WORK REQUIRED. Here the job is to print all of the entries below verbatim and leave out any picture.

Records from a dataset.
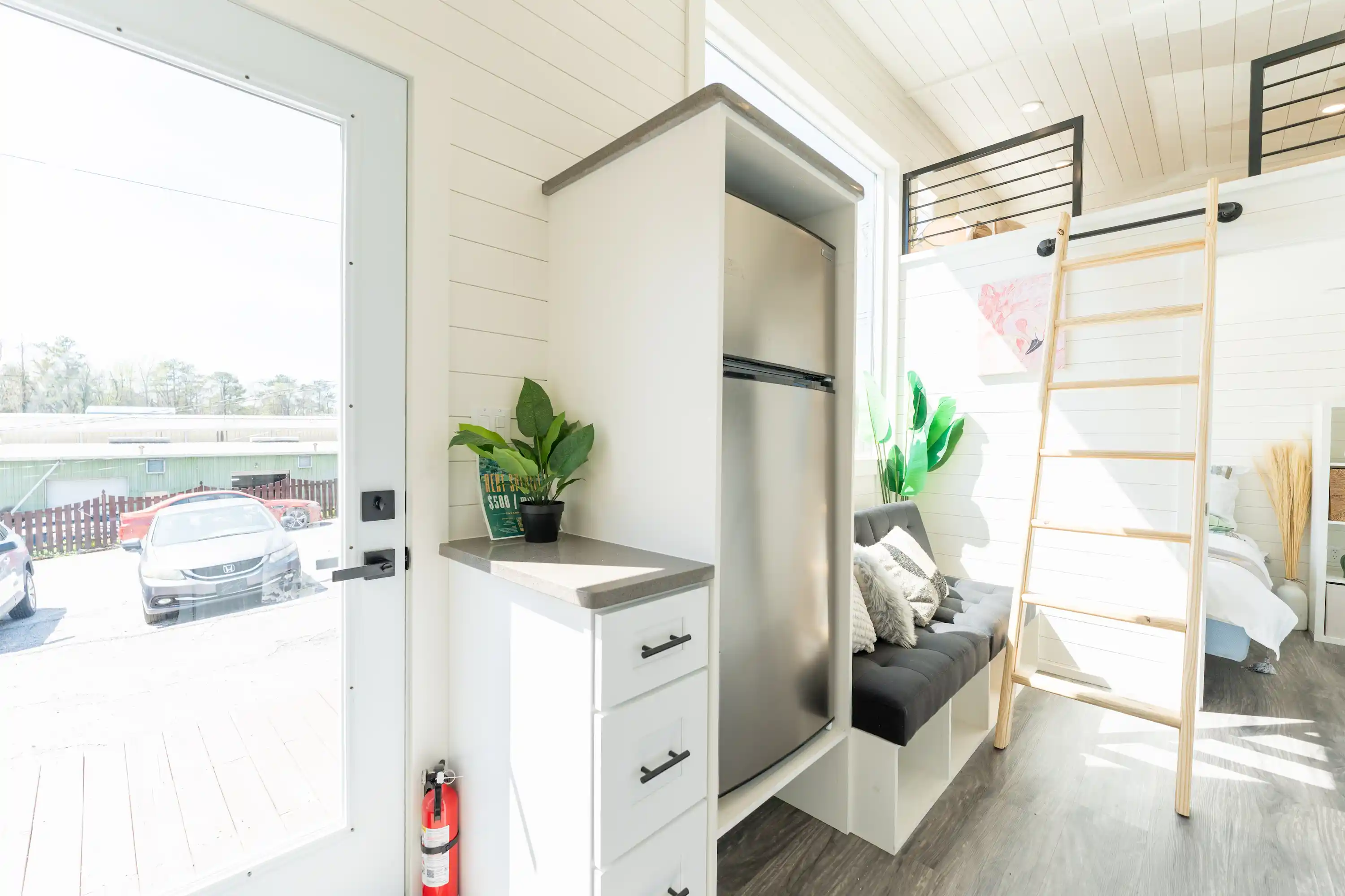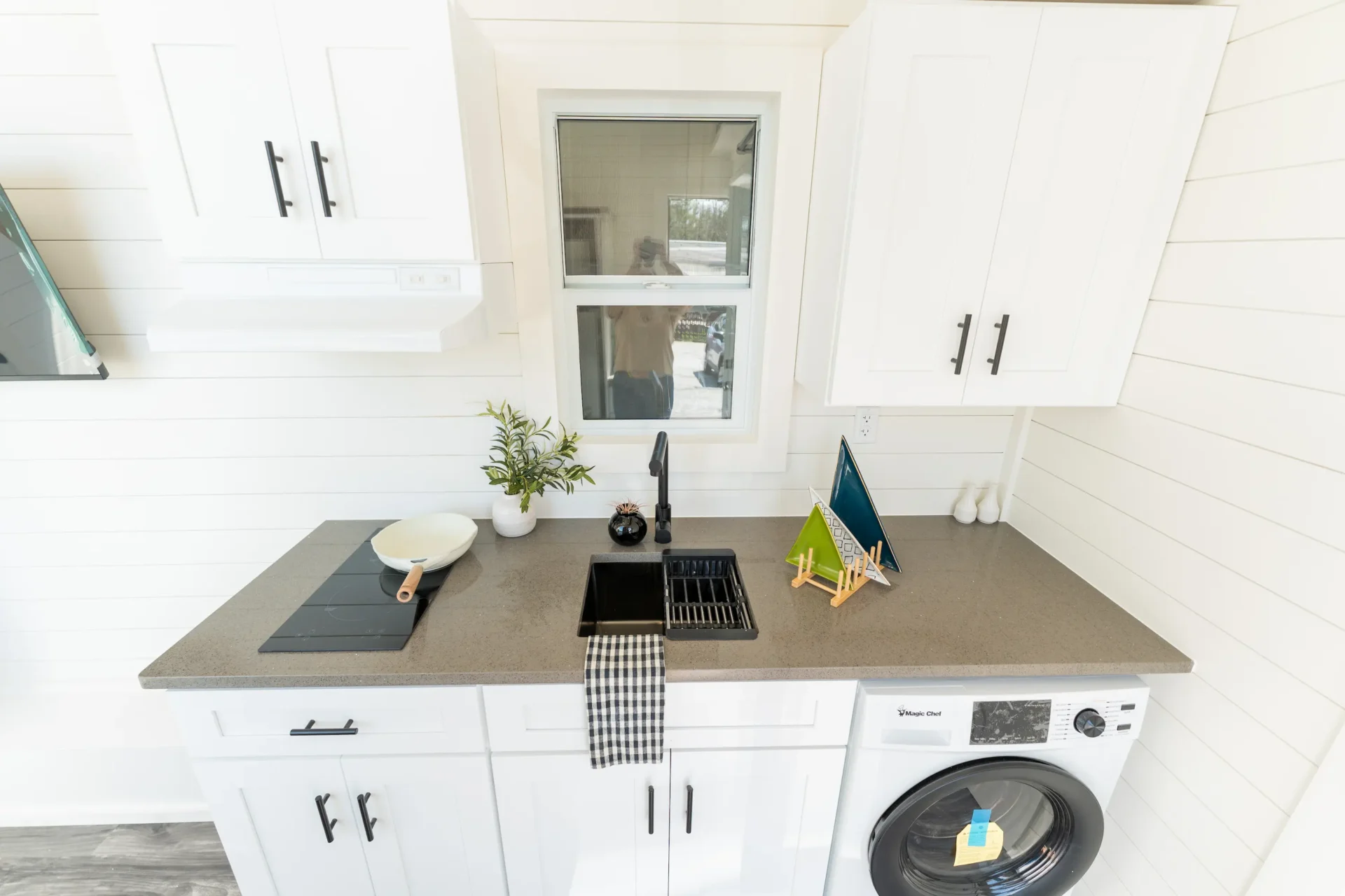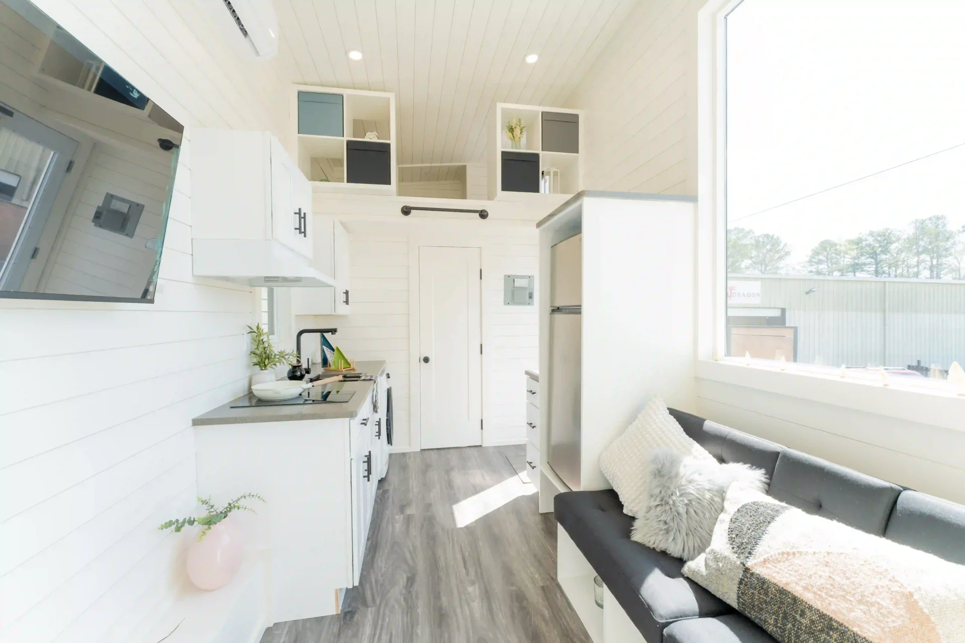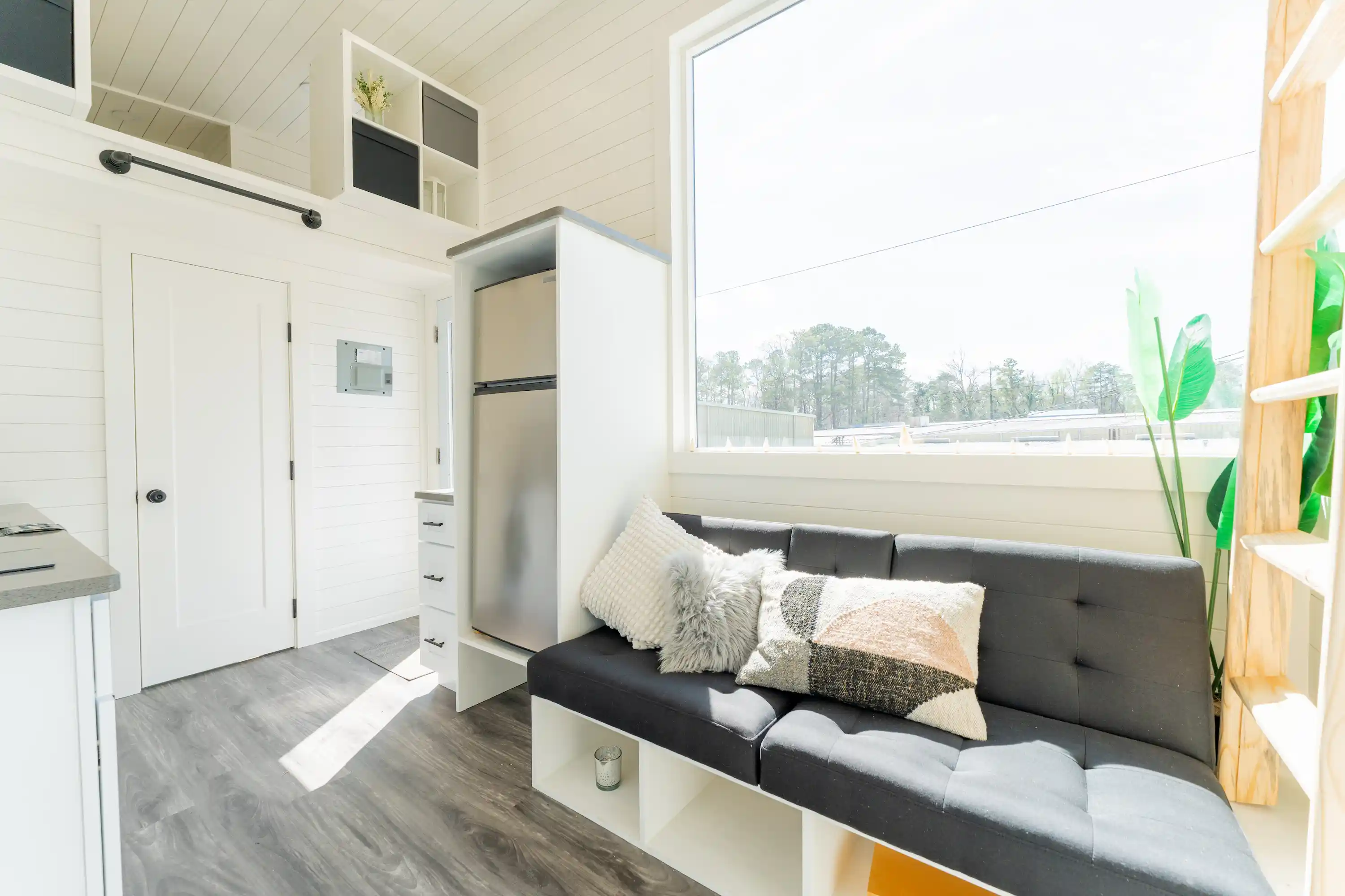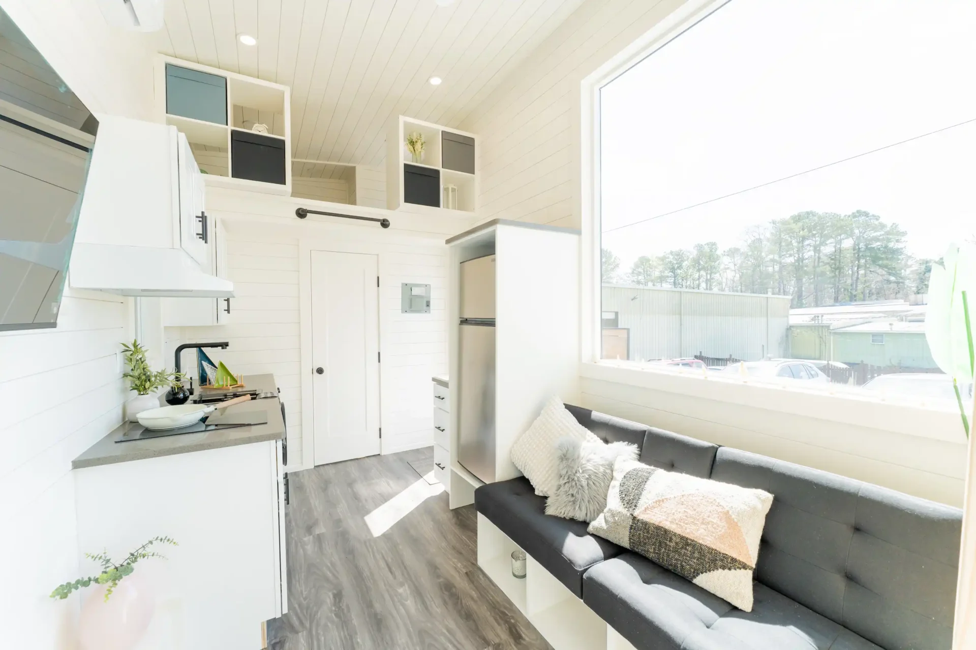 The layout is designed to feel open and bright, highlighted by a large 6′ x 6′ living room picture window that brings in natural light and makes the space feel much larger than a typical tiny home. Black windows throughout give the exterior and interior a clean, modern look.
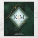 A watercolor background in shades of emerald green is topped by an abstract of fine gold lines and glittering lighting effects to create the pieces of this beautiful wedding suite. The wedding wine label shown here also features a gradient, diamond-shaped frame to hold the bride and groom's initials and wedding date. You also have the option to add the type of wine and a personal message using the provided template. Search ID867 to see other pieces and color choices for this set.
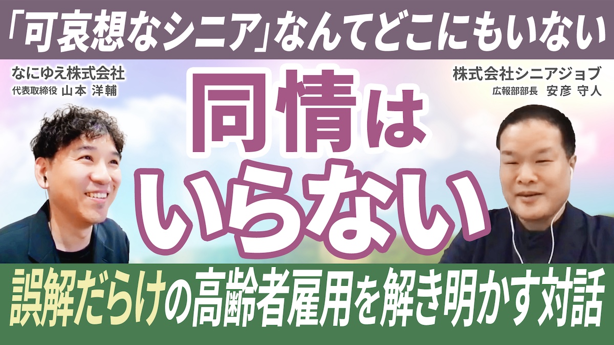- タイトル: 「悲惨な現実は、あえて見せない」 “野生の広報”が仕掛ける、社会の誤解をハックする戦い方|株式会社シニアジョブ 広報部部長 安彦守人さん対談
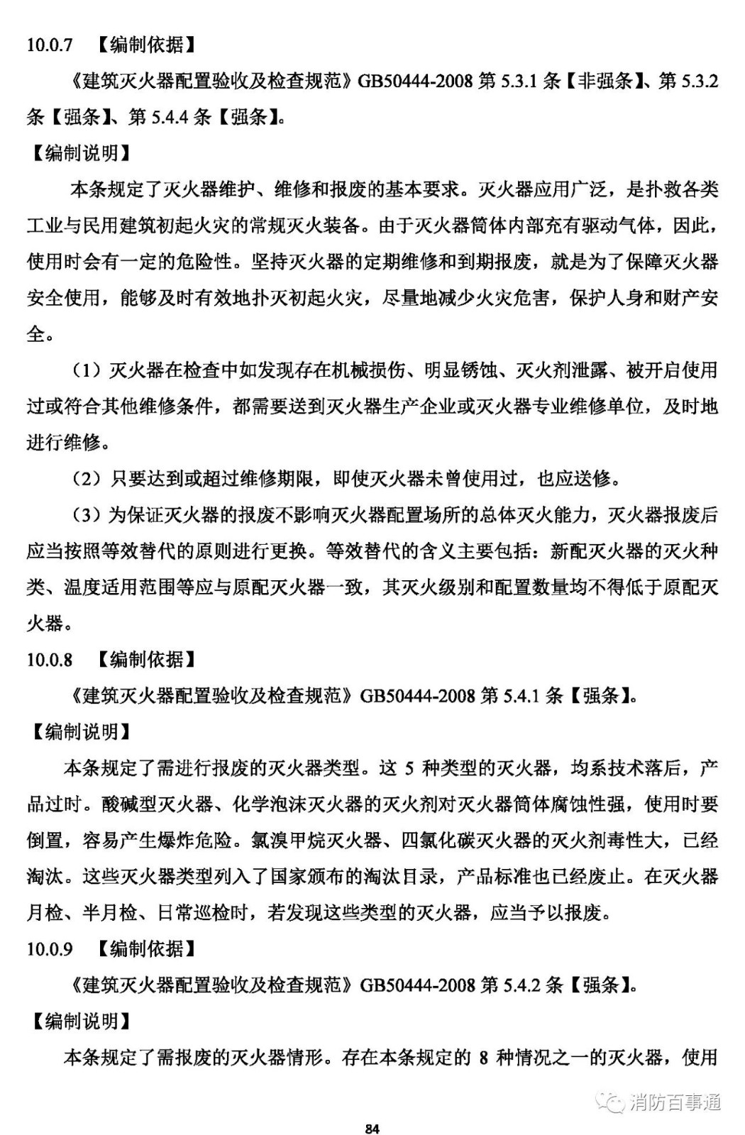 10.0.8 滅火器應(yīng)按規(guī)定定期維護(hù)、維修和報(bào)廢。滅火器報(bào)廢后,應(yīng)按照等效替代的原則進(jìn)行更換。
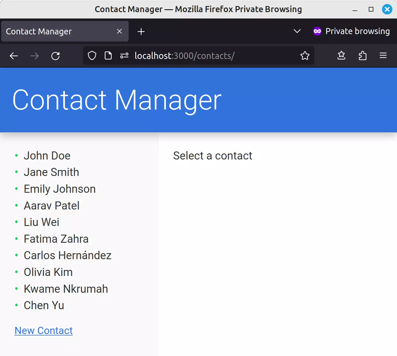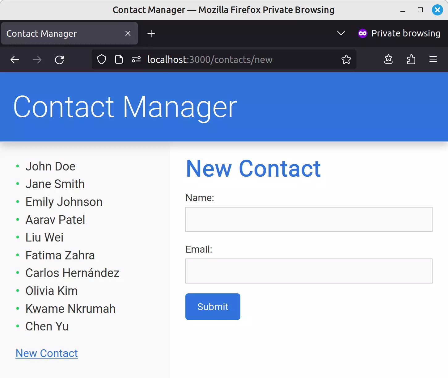 我們將開發一個簡單的聯繫人管理器,能夠執行所有 CRUD 操作:創建、讀取、更新和刪除聯繫人。通過利用 htmx,該應用程序將提供單頁應用程序 (SPA) 的感覺,從而增強交互性和用户體驗。
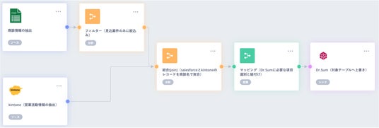 ブロックを繋げるような簡単マウス操作で、Dr.Sumとのデータ連携を実現
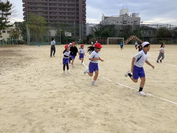 11月17日(月)より、校内持久走大会に向けて業間マラソンが始まりました。子どもたちは、毎回自分の目標をもち、5分間一生懸命に走ります。走ったあとは、記録カードに自分の記録を記入し、次回の目標を立てて頑張る気持ちを高めています。各家庭におかれましては、早寝・早起き・朝ご飯の取組を推進していただき、お子様の体調管理をよろしくお願いします。
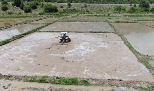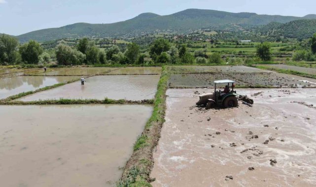Türkiye'nin önemli çeltik üretim merkezlerinden olan Kastamonu'nun Tosya ilçesinde, Ilgaz Dağı'nın kar sularıyla beslenen tarlalarda çeltik ekimine başlandı. Dizlerine kadar ulaşan suyun içinde ter döken çiftçiler, sarıkılçık pirinci için yoğun mesai harcıyor.
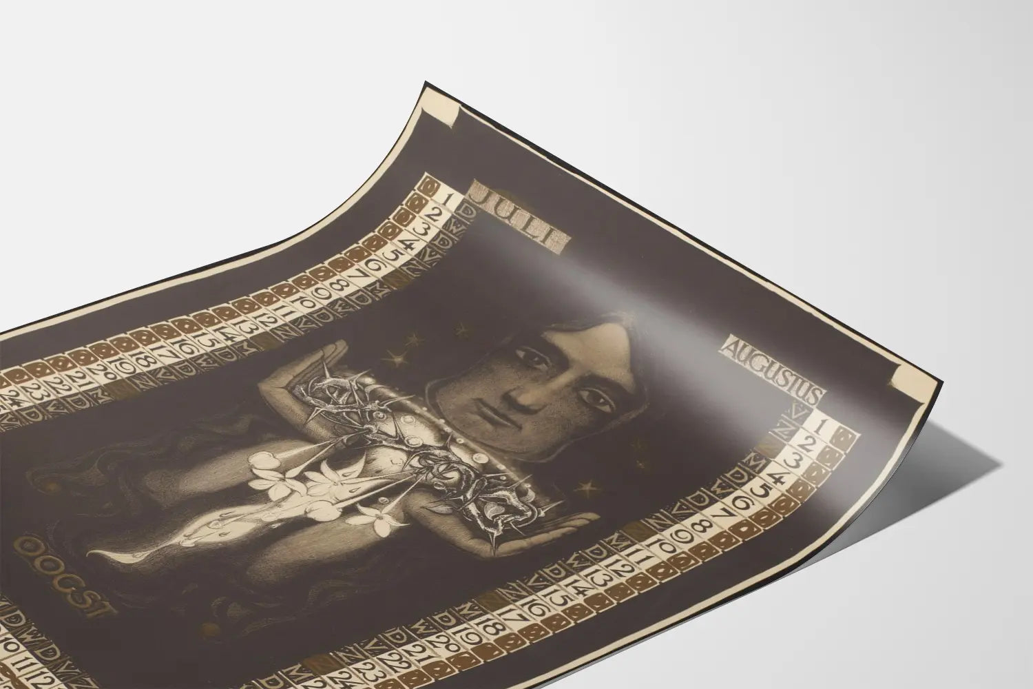 W centrum tej dekoracji ściennej znajduje się silna i symboliczna ilustracja: ludzka twarz o intensywnym spojrzeniu, trzymająca w rękach skomplikowany, mechaniczny wyglądający obiekt, ozdobiony opadającymi kwiatami i kroplami, co wywołuje tajemniczą i poetycką atmosferę. Kompozycja centralna przyciąga wzrok, podkreślając artystyczny i unikalny charakter tego obrazu-kalendarza.
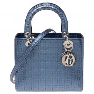 Pre Owned حقيبة يد توتس ديور ليدي ديور جلد ميكرو كاناج أزرق ميتاليك متوسطة

EXERCISE ANSWER.
 The layout is designed to feel open and bright, highlighted by a large 6′ x 6′ living room picture window that brings in natural light and makes the space feel much larger than a typical tiny home. Black windows throughout give the exterior and interior a clean, modern look.
 A watercolor background in shades of emerald green is topped by an abstract of fine gold lines and glittering lighting effects to create the pieces of this beautiful wedding suite. The wedding wine label shown here also features a gradient, diamond-shaped frame to hold the bride and groom's initials and wedding date. You also have the option to add the type of wine and a personal message using the provided template. Search ID867 to see other pieces and color choices for this set.
- タイトル: 「悲惨な現実は、あえて見せない」 “野生の広報”が仕掛ける、社会の誤解をハックする戦い方|株式会社シニアジョブ 広報部部長 安彦守人さん対談
 10.0.8 滅火器應(yīng)按規(guī)定定期維護(hù)、維修和報(bào)廢。滅火器報(bào)廢后,應(yīng)按照等效替代的原則進(jìn)行更換。
 我們將開發一個簡單的聯繫人管理器,能夠執行所有 CRUD 操作:創建、讀取、更新和刪除聯繫人。通過利用 htmx,該應用程序將提供單頁應用程序 (SPA) 的感覺,從而增強交互性和用户體驗。
 ブロックを繋げるような簡単マウス操作で、Dr.Sumとのデータ連携を実現
 11月17日(月)より、校内持久走大会に向けて業間マラソンが始まりました。子どもたちは、毎回自分の目標をもち、5分間一生懸命に走ります。走ったあとは、記録カードに自分の記録を記入し、次回の目標を立てて頑張る気持ちを高めています。各家庭におかれましては、早寝・早起き・朝ご飯の取組を推進していただき、お子様の体調管理をよろしくお願いします。
Türkiye'nin önemli çeltik üretim merkezlerinden olan Kastamonu'nun Tosya ilçesinde, Ilgaz Dağı'nın kar sularıyla beslenen tarlalarda çeltik ekimine başlandı. Dizlerine kadar ulaşan suyun içinde ter döken çiftçiler, sarıkılçık pirinci için yoğun mesai harcıyor.
 W centrum tej dekoracji ściennej znajduje się silna i symboliczna ilustracja: ludzka twarz o intensywnym spojrzeniu, trzymająca w rękach skomplikowany, mechaniczny wyglądający obiekt, ozdobiony opadającymi kwiatami i kroplami, co wywołuje tajemniczą i poetycką atmosferę. Kompozycja centralna przyciąga wzrok, podkreślając artystyczny i unikalny charakter tego obrazu-kalendarza.
 Pre Owned حقيبة يد توتس ديور ليدي ديور جلد ميكرو كاناج أزرق ميتاليك متوسطة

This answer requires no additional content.